Jeff Streeby
Local Color
Mid-March.
At work among the Mandan lodges,
Catlin hears ice give way,
turns to see 1000 bison drown.
In his grave on the loess bluff, brave Huya-Na straddles his buffalo horse. From her own hill, First Bride looks east. Just upriver, Bruguier's cottonwood cabin has been carefully conserved. Any geography, even one undistinguished as this, may have its layers of trivial incidents sealed up in myth. The Temperance Crusader's memorial at Third and Water wears gradually smooth. Brittle newspapers in archives show his killer, a handsome young brew-master, posed with the smiling jury that has set him free.

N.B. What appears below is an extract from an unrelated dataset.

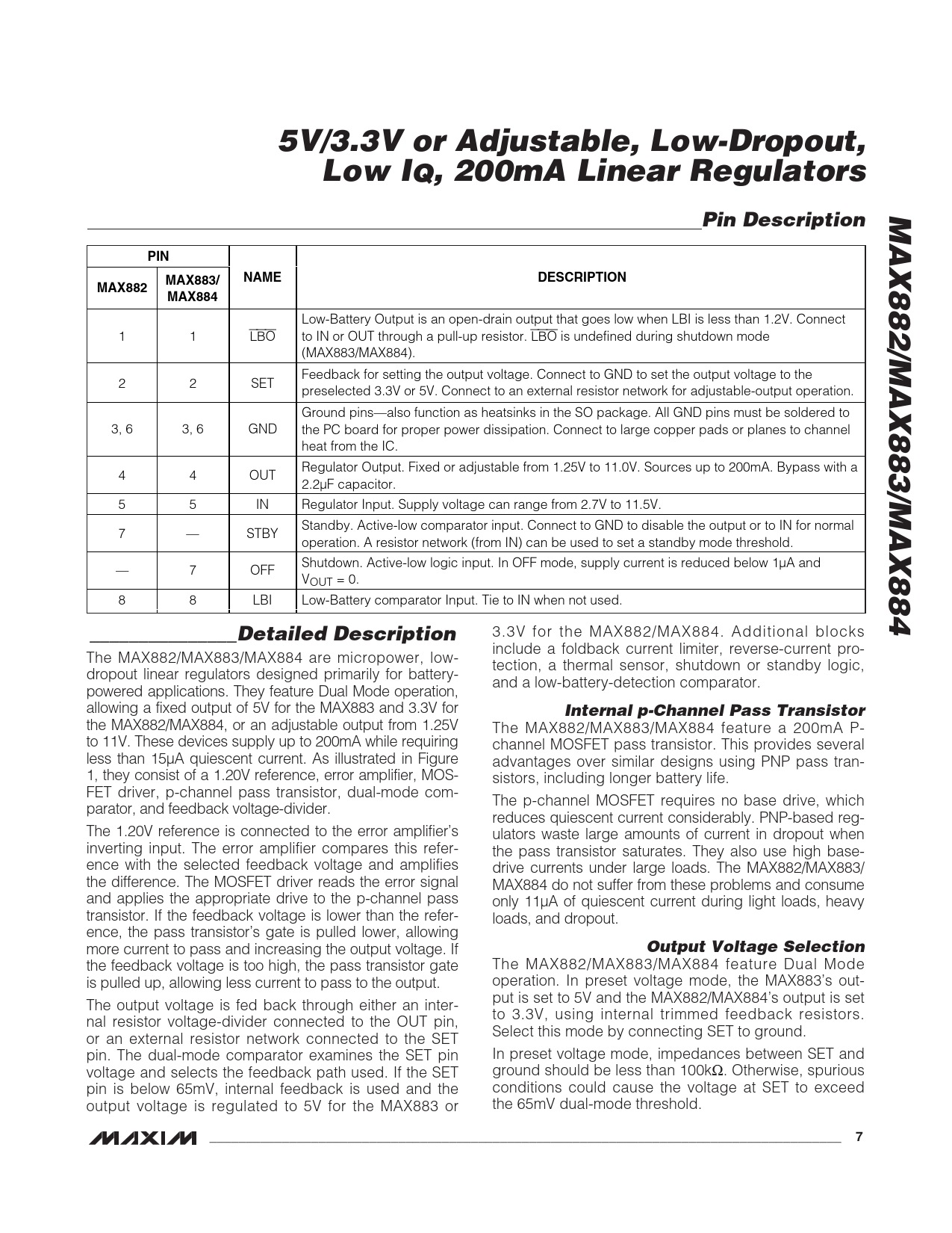 5V/3.3V or Adjustable, Low-Dropout,Low IQ, 200mA Linear RegulatorsMAX882/MAX883/MAX884Pin DescriptionPINMAX883/NAMEDESCRIPTIONMAX882MAX884 Low-Battery Output is an open-drain output that goes low when LBI is less than 1.2V. Connect 1 1 LBO to IN or OUT through a pull-up resistor. LBO is undefined during shutdown mode (MAX883/MAX884). Feedback for setting the output voltage. Connect to GND to set the output voltage to the 2 2 SET preselected 3.3V or 5V. Connect to an external resistor network for adjustable-output operation. Ground pins—also function as heatsinks in the SO package. All GND pins must be soldered to 3, 6 3, 6 GND the PC board for proper power dissipation. Connect to large copper pads or planes to channel heat from the IC. Regulator Output. Fixed or adjustable from 1.25V to 11.0V. Sources up to 200mA. Bypass with a 4 4 OUT 2.2µF capacitor. 5 5 IN Regulator Input. Supply voltage can range from 2.7V to 11.5V. Standby. Active-low comparator input. Connect to GND to disable the output or to IN for normal 7 — STBY operation. A resistor network (from IN) can be used to set a standby mode threshold. Shutdown. Active-low logic input. In OFF mode, supply current is reduced below 1µA and — 7 OFF VOUT = 0. 8 8 LBI Low-Battery comparator Input. Tie to IN when not used. _______________Detailed Description 3.3V for the MAX882/MAX884. Additional blocks include a foldback current limiter, reverse-current pro- The MAX882/MAX883/MAX884 are micropower, low- tection, a thermal sensor, shutdown or standby logic, dropout linear regulators designed primarily for battery- and a low-battery-detection comparator. powered applications. They feature Dual Mode operation, allowing a fixed output of 5V for the MAX883 and 3.3V for Internal p-Channel Pass Transistor the MAX882/MAX884, or an adjustable output from 1.25V The MAX882/MAX883/MAX884 feature a 200mA P- to 11V. These devices supply up to 200mA while requiring channel MOSFET pass transistor. This provides several less than 15µA quiescent current. As illustrated in Figure advantages over similar designs using PNP pass tran- 1, they consist of a 1.20V reference, error amplifier, MOS- sistors, including longer battery life. FET driver, p-channel pass transistor, dual-mode com- The p-channel MOSFET requires no base drive, which parator, and feedback voltage-divider. reduces quiescent current considerably. PNP-based reg- The 1.20V reference is connected to the error amplifier’s ulators waste large amounts of current in dropout when inverting input. The error amplifier compares this refer- the pass transistor saturates. They also use high base- ence with the selected feedback voltage and amplifies drive currents under large loads. The MAX882/MAX883/ the difference. The MOSFET driver reads the error signal MAX884 do not suffer from these problems and consume and applies the appropriate drive to the p-channel pass only 11µA of quiescent current during light loads, heavy transistor. If the feedback voltage is lower than the refer- loads, and dropout. ence, the pass transistor’s gate is pulled lower, allowing more current to pass and increasing the output voltage. If Output Voltage Selection the feedback voltage is too high, the pass transistor gate The MAX882/MAX883/MAX884 feature Dual Mode is pulled up, allowing less current to pass to the output. operation. In preset voltage mode, the MAX883’s out- put is set to 5V and the MAX882/MAX884’s output is set The output voltage is fed back through either an inter- to 3.3V, using internal trimmed feedback resistors. nal resistor voltage-divider connected to the OUT pin, Select this mode by connecting SET to ground. or an external resistor network connected to the SET pin. The dual-mode comparator examines the SET pin In preset voltage mode, impedances between SET and voltage and selects the feedback path used. If the SET ground should be less than 100kΩ. Otherwise, spurious pin is below 65mV, internal feedback is used and the conditions could cause the voltage at SET to exceed output voltage is regulated to 5V for the MAX883 or the 65mV dual-mode threshold. _______________________________________________________________________________________7

One by one, all the controversies die of old age. Their famous partisans grow silent and vanish. Generation by generation, passionate souls ripen then disappear. For them, for us, everything sinks into an equal obscurity. The Livestock Exchange, Symphony Hall, the Brewery, Union Station, all are razed. Furniture and fittings of the Chicago House have been sold at auction. The massive sandstone arches of the Davenport Hotel now shelter under their Prairie Gothic grandeur only a failing second-hand store. Beneath the clutter of commonplace incidents, every legend falls. The Expedition passed. A bronze plaque locates their Council Oak, killed by lightning in '72. Gravity has been at work on Floyd's bones for more than 200 years. Vanitas vanitatum, omnia vanitas—isn't that what they say? Nothing is ever memorable enough. In every season, the clay cliff face of Prospect Hill is pocked with swallows' burrows. Year after year, it surrenders its predictable millimeters to wind and rain. The place where the founders stood has long since fallen away. There is nothing for it. Our histories lap over each other, every little denouement just one small bract among many that sheath the long trend. In spite of our collective cleverness, we are bound to forget everything. Our monuments, wherever they rise, anchor nothing more than their own spinning shadows. Words to all the ballads change. Sunsets backlight one dead-end after another. The narrow niche forever emptied of its billion pigeons now fills top-full again with starlings.